November 24, 2014 //By Thomas Deckert, National Instruments
Small cell base stations are a key technology that will increase capacity and coverage of today’s cellular mobile networks. In fact, the growth in the small cell industry is creating a new cost structure of base station manufacturing test.
Note that a true RF signal switch simply connects one of its input ports to one of its output ports. This topology allows engineers to take measurements on a single device at a time only. By contrast, products like a combiner/splitter can be used to feed the test signal simultaneously to multiple DUTs to verify their receivers in parallel. This is a common technique used in handset testing. However, generally, this is not possible for base station testing where the DUT – a cellular base station – dictates the timing of when it transmits and expects to receive signals, just as it would in a real cell. In that case, test engineers cannot reproduce the framework to make all the base stations under test align their frame timings. Consequently, it is typically not possible to use a single signal generator to test the receivers of multiple base stations in parallel.

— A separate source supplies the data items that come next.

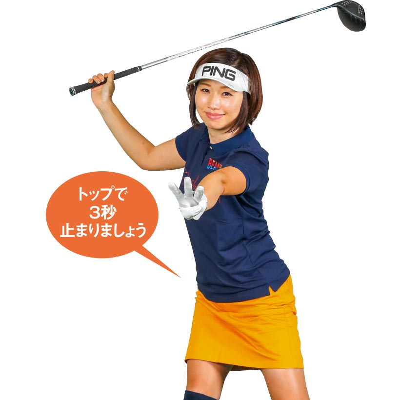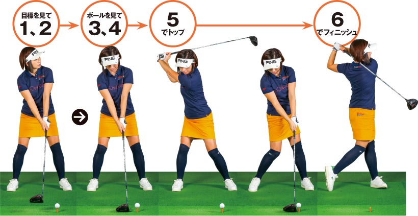 オススメは6カウントでフィニッシュまで振ること。構えてからカウントするとうまくいかないので、目標を見て「1、2」、ボールを見て「3、4」、「5」でトップに上げて「6」で振り抜きます。「静」から「動」の部分を流れに組み込むことでスムーズに始動できます。
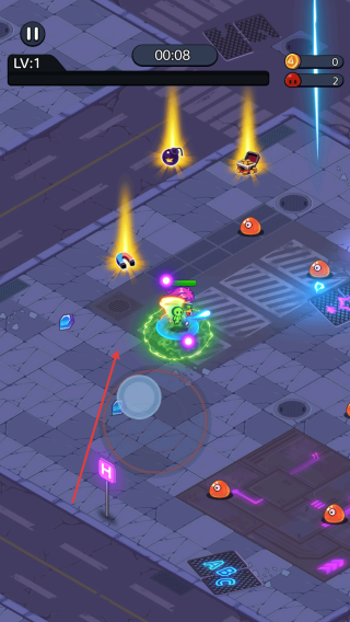 1、操控角色移動(dòng),留意屏幕上方信息,躲避敵人攻擊并收集道具,提升角色生存能力。
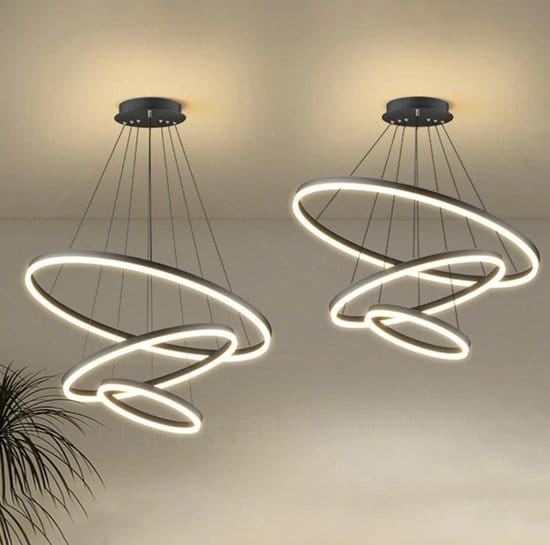 - Design : 3 cercles LED entrelacés, style moderne et royal

Because base stations expect to receive signals at a time they dictate, one must ensure tight synchronization between the DUT and the signal generator for base station receiver tests. Base station designers can simplify manufacturing tests by providing an output port and a corresponding trigger signal to indicate the start of a frame or similar temporal structure. Then, the signal generator aligns its transmission timing with the DUT’s trigger without any need for a time-consuming and error-prone synchronization procedure between the base station and the test equipment. A multi-DUT base station test set should provide input ports for the trigger lines of all DUTs and/or switch between them.

Multi-DUT with PXI

Setting up a multi-DUT test set is relatively straightforward to do with a modular platform such as PXI. “Modularity” in this context refers to a user-defined selection of components where each component – called modular instrument – has a specific purpose. With modular instrumentation, engineers can match test capabilities to their needs much better than with a “one-size-fits-all” traditional instrument.

PXI/PXI Express is one of the most common platforms for modular instrumentation. Since its invention in 1997, PXI has developed into the most prevalent modular instrumentation platform, with over 1,500 modules available from more than 70 vendors. Using PCI bus technology, PXI offers high bandwidth and low latency data transfer to and from instruments, helping to improve test speed (Figure 6).

Figure 6: NI PXI modular instruments and extensive RF measurement software including 3GPP, WiFi and GPS testing lower the cost of test for small cell base stations.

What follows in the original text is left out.